Title: Mechanical Engineer, Hazen and Sawyer
Educational Experience: Bachelor’s degree in mechanical engineering, Northeastern University
Professional Credentials/Accreditations: Professional engineer (P.E.) in New York
What does your day-to-day job entail?
I’m an HVAC/plumbing engineer at Hazen and Sawyer, which specializes in mostly wastewater and drinking water facilities. I work on taking projects from detailed design to construction. My day-to-day job typically includes performing HVAC calculations, designing HVAC and plumbing systems in Revit, coordinating with other disciplines, and responding to submittals during the construction phase.
What caused you to/when did you fall in love with engineering?
I started as a health science major in college and immediately didn’t love it. I was more of an analytical person and was drawn to math and physics. My big sister is a mechanical engineer and was definitely a big influence on my decision to switch into mechanical engineering my sophomore year. Once introduced to it, I fell in love with engineering right away.
What has been the most rewarding/proudest aspect of your engineering career?
Definitely receiving my P.E. license. It felt like the last thing I needed to validate my career as an engineer, and I’m incredibly proud of that. Another proud moment is when I led my first project on my own.
What challenges do women face in this profession? Can you give a personal example? Why aren’t there more women in engineering? How can we increase the number of women in engineering?
Unfortunately, I have experienced the stereotypes of being a woman engineer. When I was younger, I’ve had people literally tell me engineering was for boys. Even in my current professional career, I do see a different perception between female and male engineers. It can be hard to be assertive in a male-dominated industry. There can be a tendency to cast doubt on your own capabilities or experience imposter syndrome when you’re the only woman in a room full of men.
As an industry, there is still a lot of work to do to bridge the gender gap. It’s important to invest in STEM and mentorship programs for young girls and women. It’s also important to see more women in leadership roles.
How many years have you been active in the engineering sector? What’s changed the most in that time? What’s changed the least?
I’ve been working professionally as an engineer for six years. My second internship during college was my first exposure to HVAC, and I would say the biggest difference is the introduction of diversity and inclusion initiatives. It’s encouraging to see the industry moving in this direction.
What drives/motivates you every day?
I enjoy working on interesting projects that have a positive impact on the community and environmental health. I’m also inspired by my colleagues to constantly learn and challenge myself.
What remains on your engineering bucket list — what do you aspire to do that you haven’t accomplished yet?
I would love to be the engineer of record on a project, since I recently obtained my P.E. license. I’d also love to have the opportunity to work on more sustainable projects.
What’s one thing no one knows about you?
I can solve a Rubik’s cube in less than a minute.
List any mentors who’ve helped you succeed and describe precisely how they’ve shaped your success.

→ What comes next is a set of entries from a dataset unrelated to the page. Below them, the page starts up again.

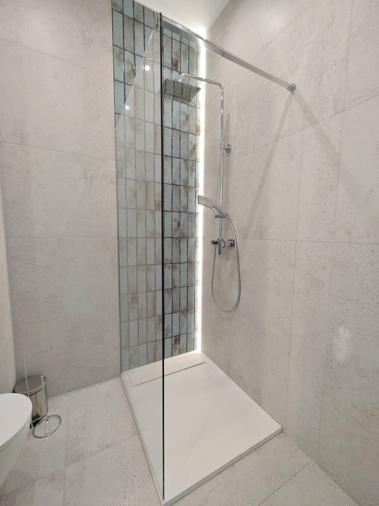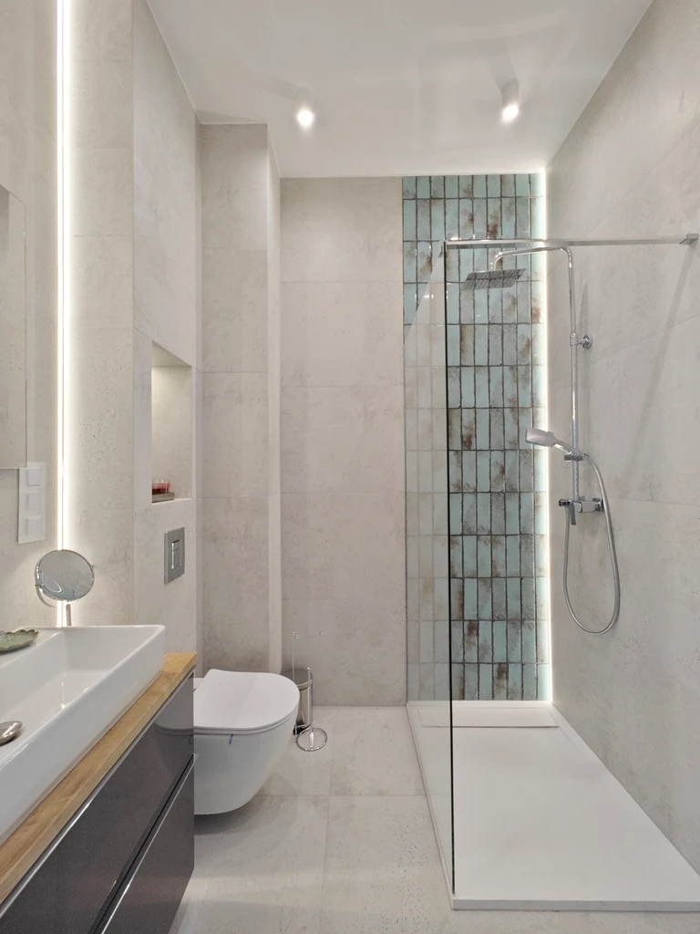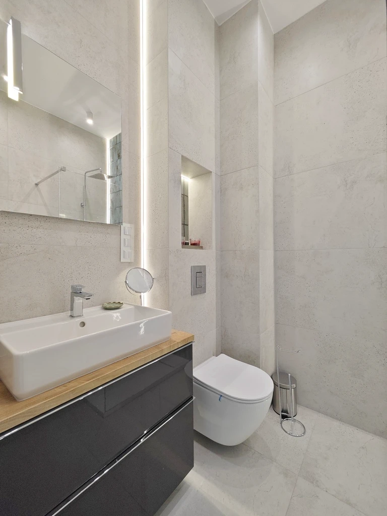 Design & Funktion vereint: Hochwertige Fliesen an Wänden und Boden, bodengleiche Glasduschkabine, Waschtisch mit Unterschrank, wandhängendes WC, Handtuchheizkörper sowie Glastür sorgen für ein modernes Ambiente. -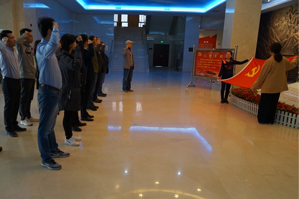 参观过程中,大家仔细观看每一件展品,认真听取讲解员的介绍,仔细阅读文献史料,并不时停下脚步,伫足凝视。在凤县革命纪念馆浮雕墙前,在庄严肃穆的气氛中、在党旗的见证下,每一位党员同志举起右手,郑重重温入党誓词。通过重温誓词仪式,进一步坚定理想信念、铭记初心,把牢思想和行动的“总开关”。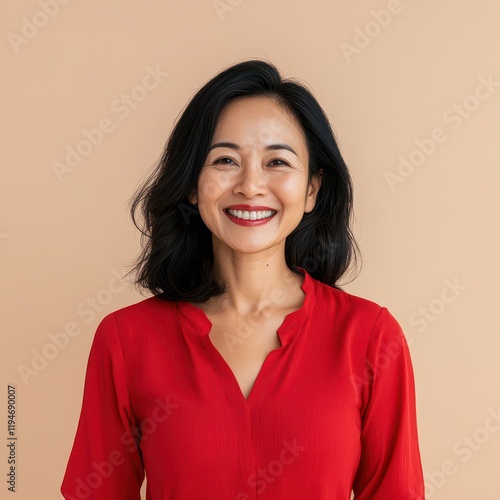 A joyful Middle Eastern woman in her 40s smiling confidently in a vibrant red blouse against a light background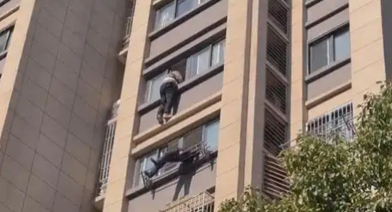 小区物业安保队长张伟接到消息后迅速赶到现场。由于老人家门无法打开,楼下窗户又装有防盗窗,张伟果断决定从8楼住户家中实施救援。时间紧迫,他来不及等待专业救援设备,便用消防水带简单绑在身上作为保护,由两名同事和8楼住户拉住绳索,自己则徒手沿窗台爬下。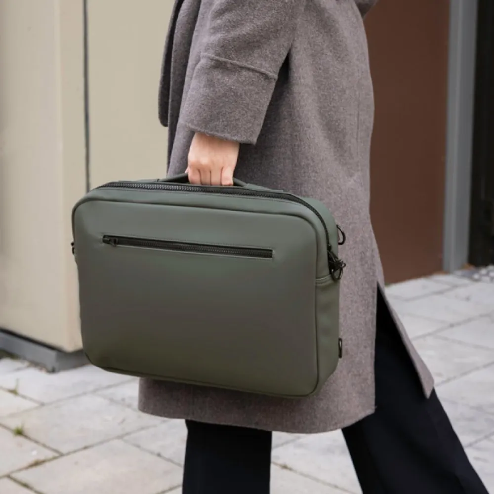 Meet your ultimate 2-in-1 companion: a convertible backpack and brief designed to support your everyday life. Use it as a sleek computer brief for business meetings and professional settings, wear it as a crossbody bag or effortlessly switch to a backpack for a hands-free efficient journey to your next destination. It offers adjustable shoulder straps, built-in handle, easy-access outside pocket, a smaller inside pocket and laptop compartment. Fits most laptops up to 15".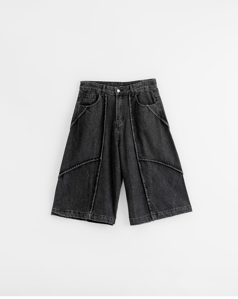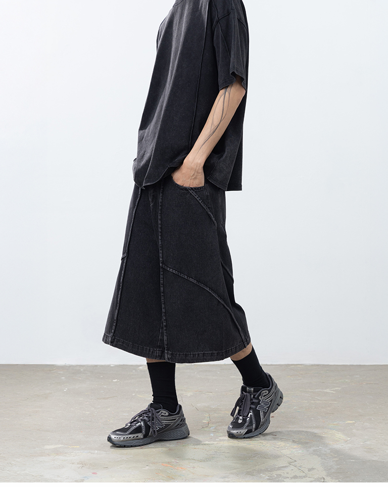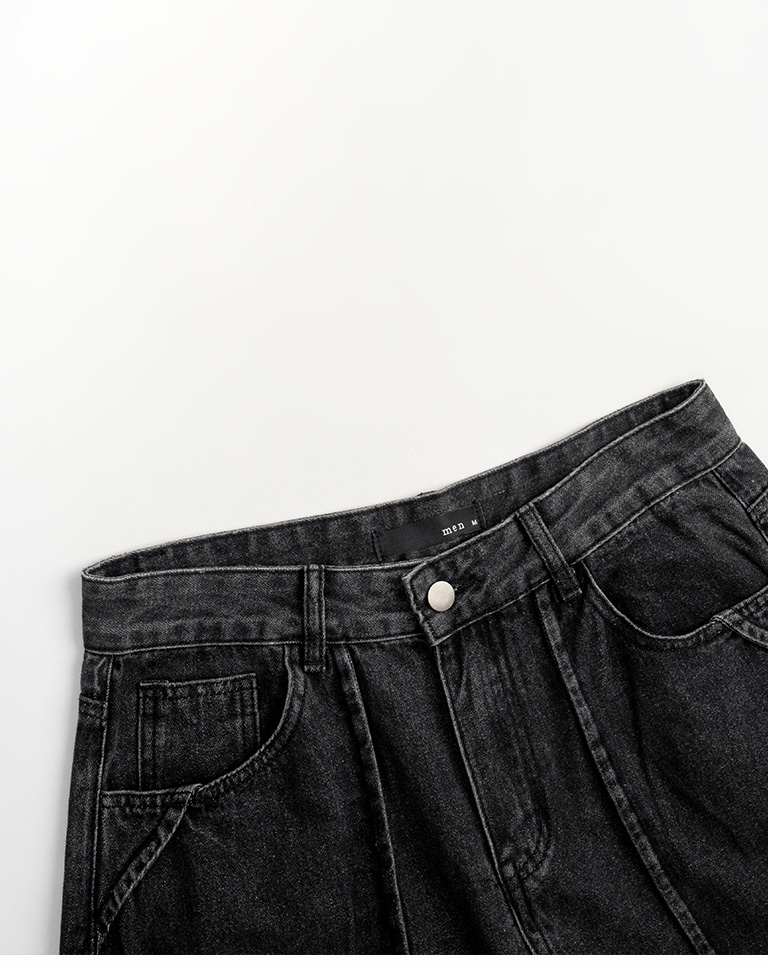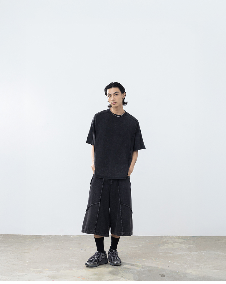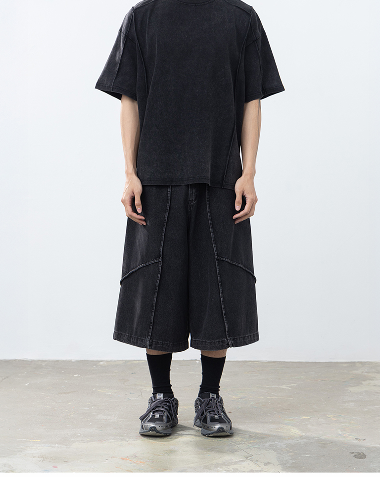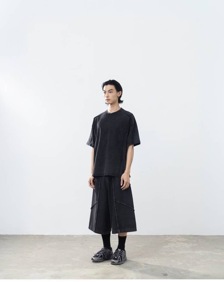 男裝 立體剪接洗水設計牛仔七分褲M/L/XL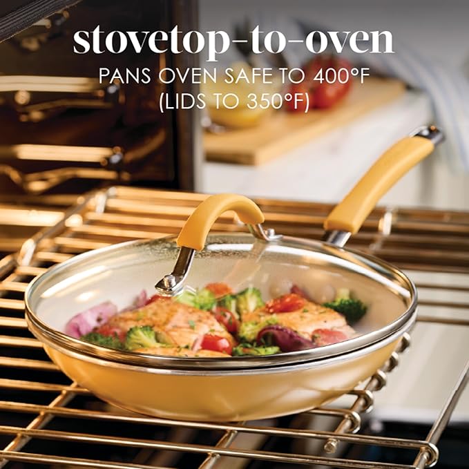 Rachael Ray Cucina Ceramic Cookware Set - 13 Pieces - Ceramic Pots and Pans Set w/Nonstick Frying Pans, Saute Pan, Saucepans, Stockpot, Lids, Pan Protectors & Cooking Utensils - Turmeric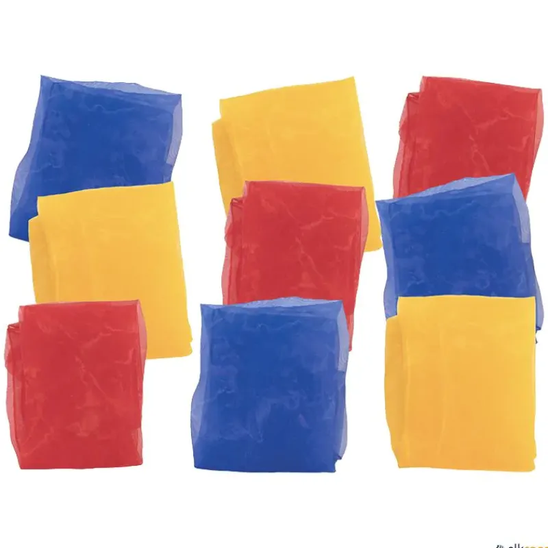 · 9 Pañuelos malabares (3 conjuntos de 3 pañuelos).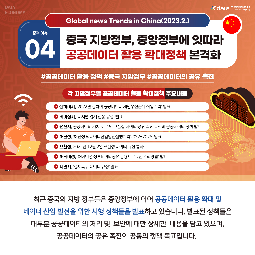 네 번째 이슈는 '중국 지방정부, 중앙정부에 잇다라 공공데이터 활용 확대정책 본격화'입니다.

I wouldn’t be a mechanical engineer without my big sis, Ashley, doing it first, so I would like to thank her for the push to choose engineering in college. There are many engineering leaders who have been integral in supporting my career, including Paul Knowles, Sam Barrese, and Marc Giordano. They are always willing to answer questions and review design concepts. Also, I’d like to thank Norm Bartley for nominating me.
What advice do you have for prospective female engineers considering entering the field?
My biggest advice is to be confident when speaking your mind and to not be afraid to ask questions or admit when you don’t know something. Surround yourself with people who encourage you, whether it be mentors or colleagues with various levels of experience. It’s always good to have people in your corner.